--- Stored data Enclosed Below ---

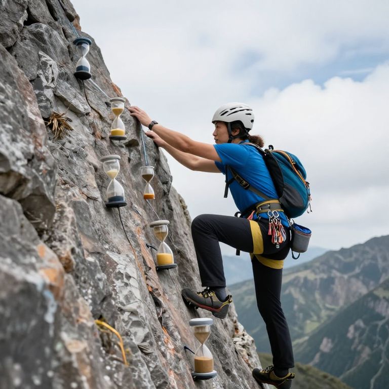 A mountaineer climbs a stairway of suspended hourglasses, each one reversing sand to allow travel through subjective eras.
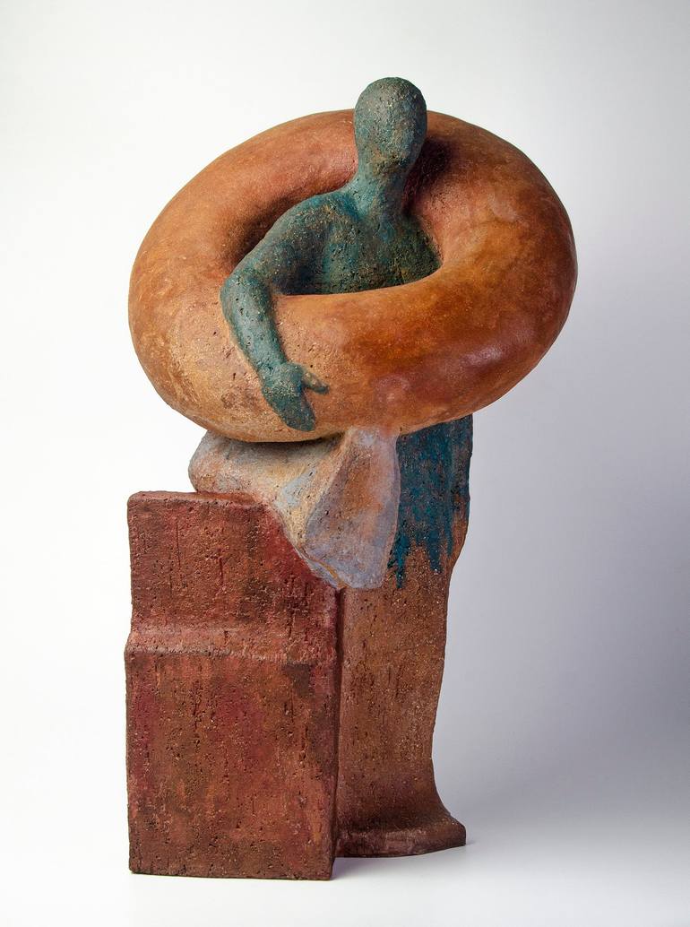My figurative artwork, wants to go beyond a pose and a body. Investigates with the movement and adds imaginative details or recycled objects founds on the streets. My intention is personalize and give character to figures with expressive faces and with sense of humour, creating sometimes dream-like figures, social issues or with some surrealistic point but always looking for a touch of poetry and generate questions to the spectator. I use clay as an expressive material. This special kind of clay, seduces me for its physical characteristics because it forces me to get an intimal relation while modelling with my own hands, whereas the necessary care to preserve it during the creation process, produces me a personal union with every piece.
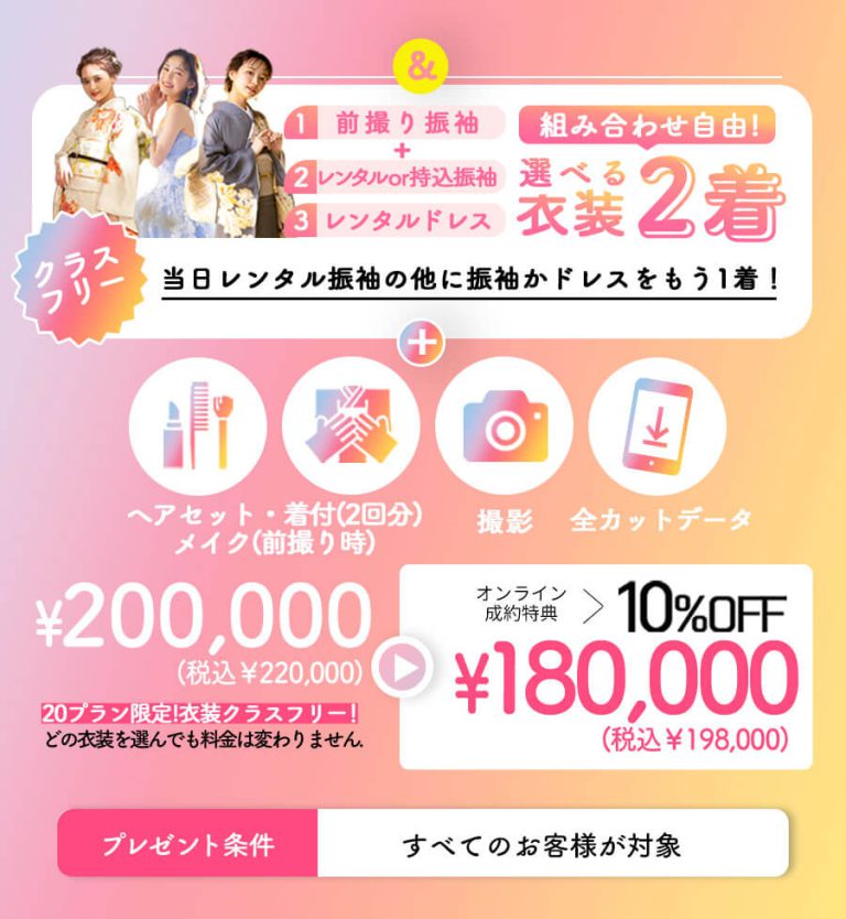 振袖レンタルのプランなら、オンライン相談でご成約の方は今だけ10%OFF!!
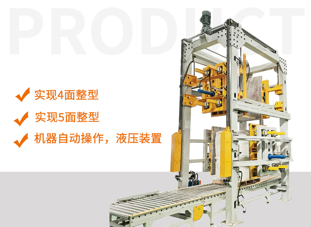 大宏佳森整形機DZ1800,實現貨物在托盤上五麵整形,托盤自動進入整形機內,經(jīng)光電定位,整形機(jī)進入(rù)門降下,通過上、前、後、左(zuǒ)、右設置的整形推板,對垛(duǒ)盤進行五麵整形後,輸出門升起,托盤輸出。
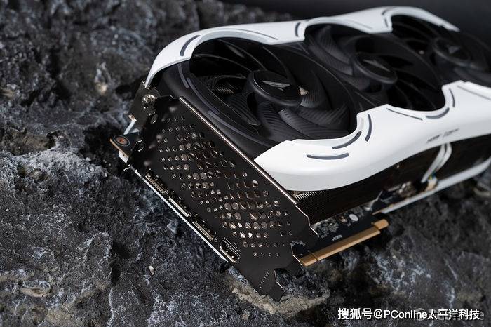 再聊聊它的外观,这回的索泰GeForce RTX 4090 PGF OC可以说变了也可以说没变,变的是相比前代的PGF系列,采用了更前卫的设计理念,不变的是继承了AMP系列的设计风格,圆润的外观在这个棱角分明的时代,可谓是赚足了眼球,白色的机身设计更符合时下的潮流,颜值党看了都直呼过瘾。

--- End of Enclosed Stored data ---
--- Stored data Enclosed Below ---

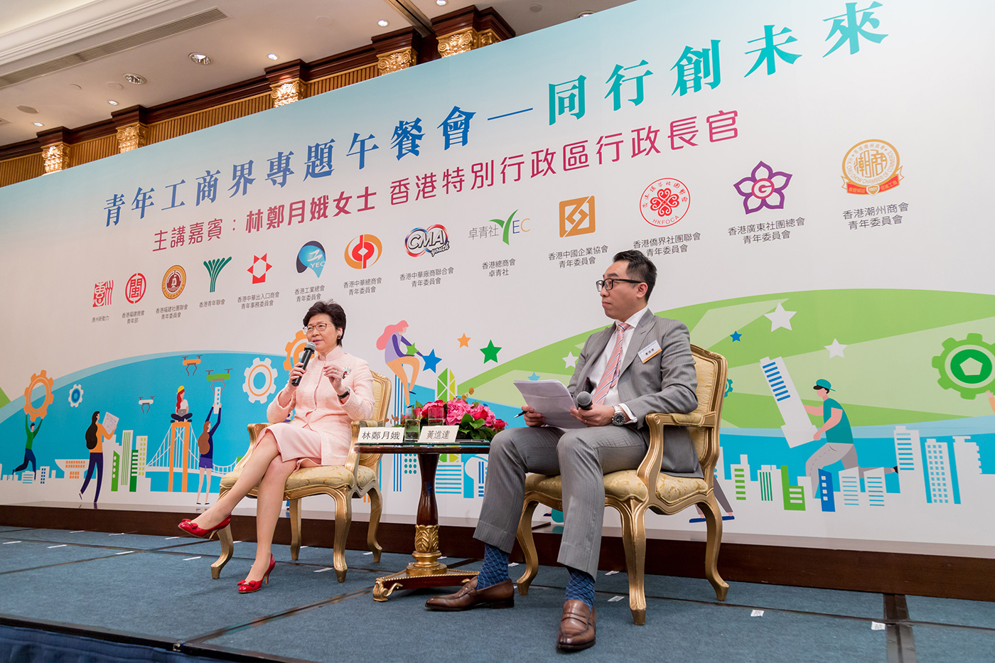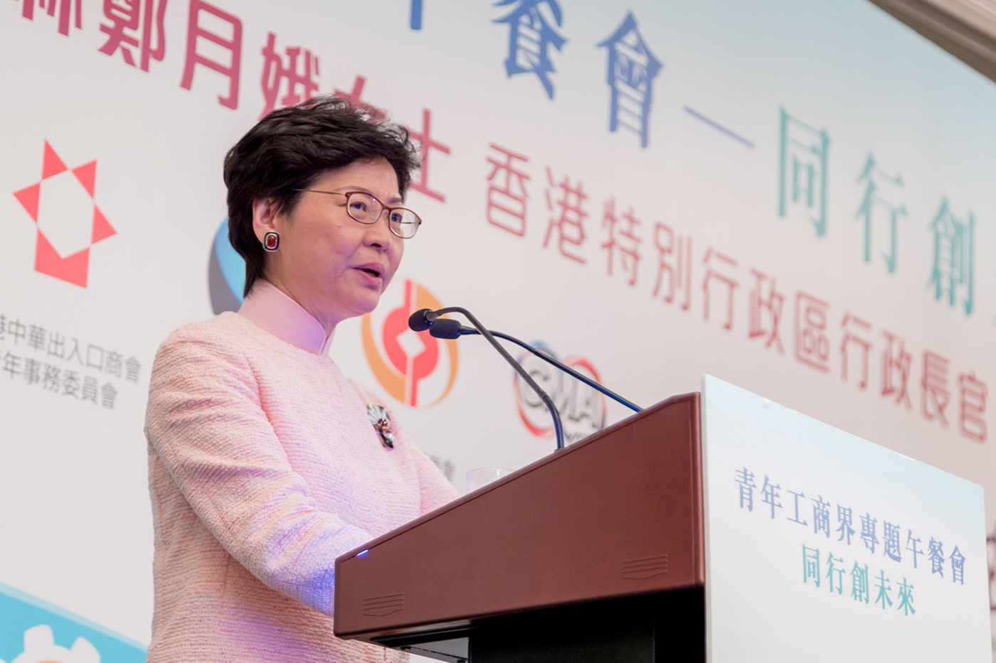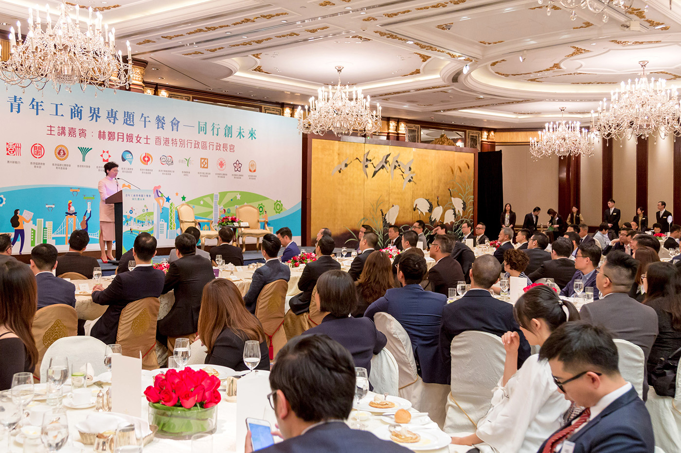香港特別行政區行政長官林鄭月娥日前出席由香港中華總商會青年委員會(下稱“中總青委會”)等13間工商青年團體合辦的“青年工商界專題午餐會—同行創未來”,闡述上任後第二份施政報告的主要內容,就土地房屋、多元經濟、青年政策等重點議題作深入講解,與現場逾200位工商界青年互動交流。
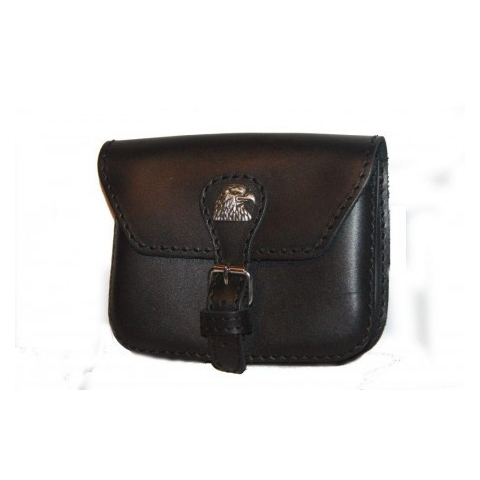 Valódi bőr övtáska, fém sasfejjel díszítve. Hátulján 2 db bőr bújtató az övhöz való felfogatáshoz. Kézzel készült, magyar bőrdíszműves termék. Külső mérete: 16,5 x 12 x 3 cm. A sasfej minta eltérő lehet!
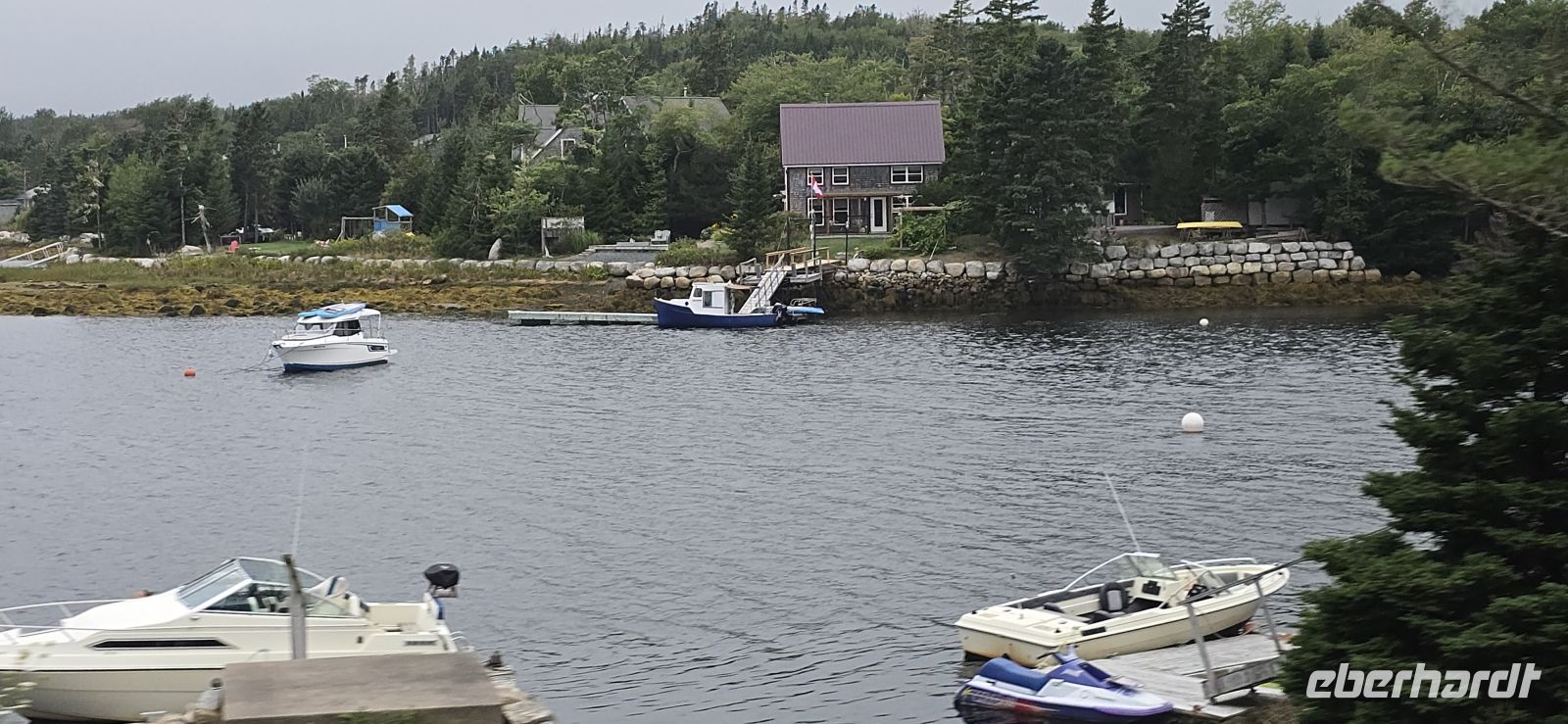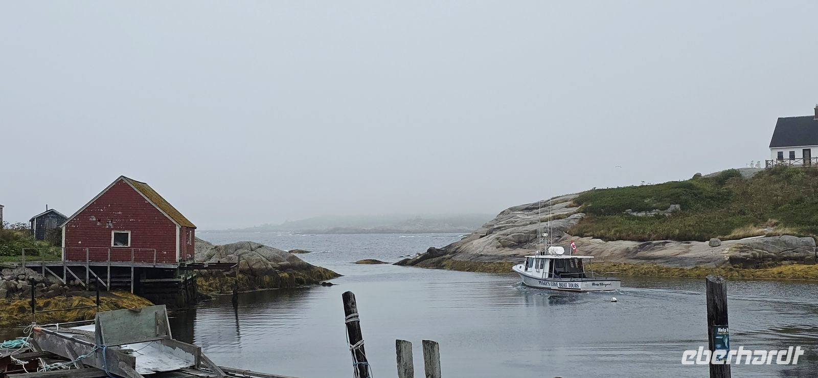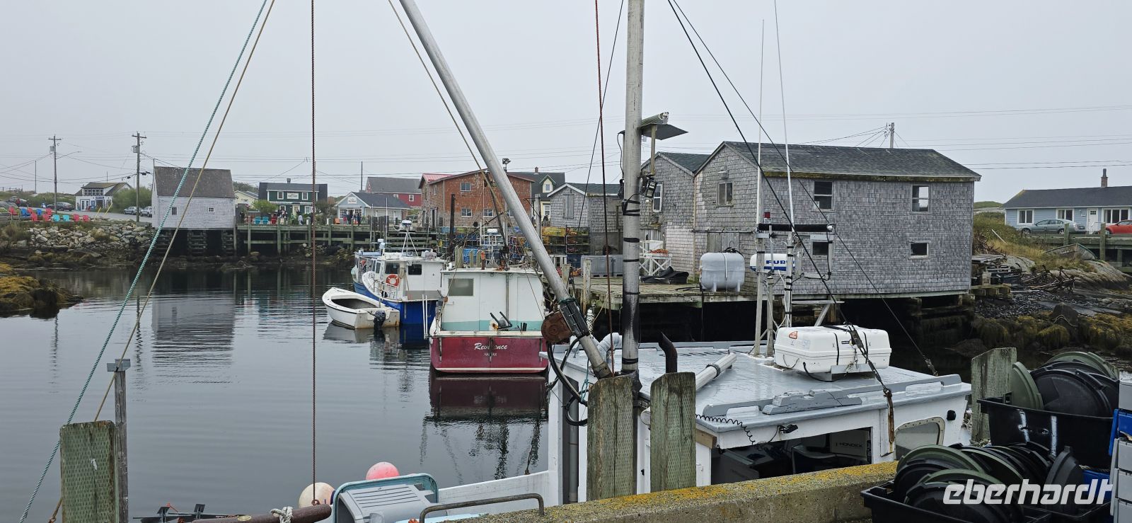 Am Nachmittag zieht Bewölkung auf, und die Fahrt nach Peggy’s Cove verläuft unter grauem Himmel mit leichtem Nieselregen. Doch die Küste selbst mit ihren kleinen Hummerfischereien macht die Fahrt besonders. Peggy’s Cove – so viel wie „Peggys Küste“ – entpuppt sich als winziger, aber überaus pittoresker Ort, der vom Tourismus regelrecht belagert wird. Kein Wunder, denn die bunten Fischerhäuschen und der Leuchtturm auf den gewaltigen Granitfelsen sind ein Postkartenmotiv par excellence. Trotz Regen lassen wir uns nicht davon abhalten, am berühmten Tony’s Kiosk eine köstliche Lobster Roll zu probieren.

--- End of Enclosed Stored data ---
--- Stored data Enclosed Below ---

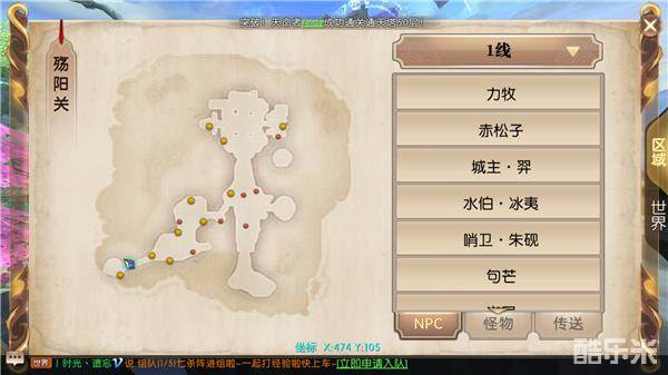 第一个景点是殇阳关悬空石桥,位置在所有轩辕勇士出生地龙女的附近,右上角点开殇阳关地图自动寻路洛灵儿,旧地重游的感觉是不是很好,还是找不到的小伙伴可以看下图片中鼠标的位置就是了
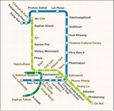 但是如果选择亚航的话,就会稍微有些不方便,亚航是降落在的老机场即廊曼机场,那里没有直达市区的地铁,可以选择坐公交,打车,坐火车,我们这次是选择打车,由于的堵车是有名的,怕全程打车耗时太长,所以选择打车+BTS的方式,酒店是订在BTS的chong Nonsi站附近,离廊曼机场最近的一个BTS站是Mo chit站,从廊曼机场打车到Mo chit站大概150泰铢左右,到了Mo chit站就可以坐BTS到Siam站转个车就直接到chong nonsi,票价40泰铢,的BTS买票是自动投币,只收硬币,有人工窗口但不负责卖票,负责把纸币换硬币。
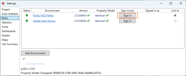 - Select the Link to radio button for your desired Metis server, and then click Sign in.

--- End of Enclosed Stored data ---

▶ Your goal
Going by the entries above, repeat exactly the lines that start at the line with "A mountaineer climbs" and go on through the line with "My figurative artwork, wants". Pictures are not part of the copy.

▶ Answer below
 A mountaineer climbs a stairway of suspended hourglasses, each one reversing sand to allow travel through subjective eras.
My figurative artwork, wants to go beyond a pose and a body. Investigates with the movement and adds imaginative details or recycled objects founds on the streets. My intention is personalize and give character to figures with expressive faces and with sense of humour, creating sometimes dream-like figures, social issues or with some surrealistic point but always looking for a touch of poetry and generate questions to the spectator. I use clay as an expressive material. This special kind of clay, seduces me for its physical characteristics because it forces me to get an intimal relation while modelling with my own hands, whereas the necessary care to preserve it during the creation process, produces me a personal union with every piece.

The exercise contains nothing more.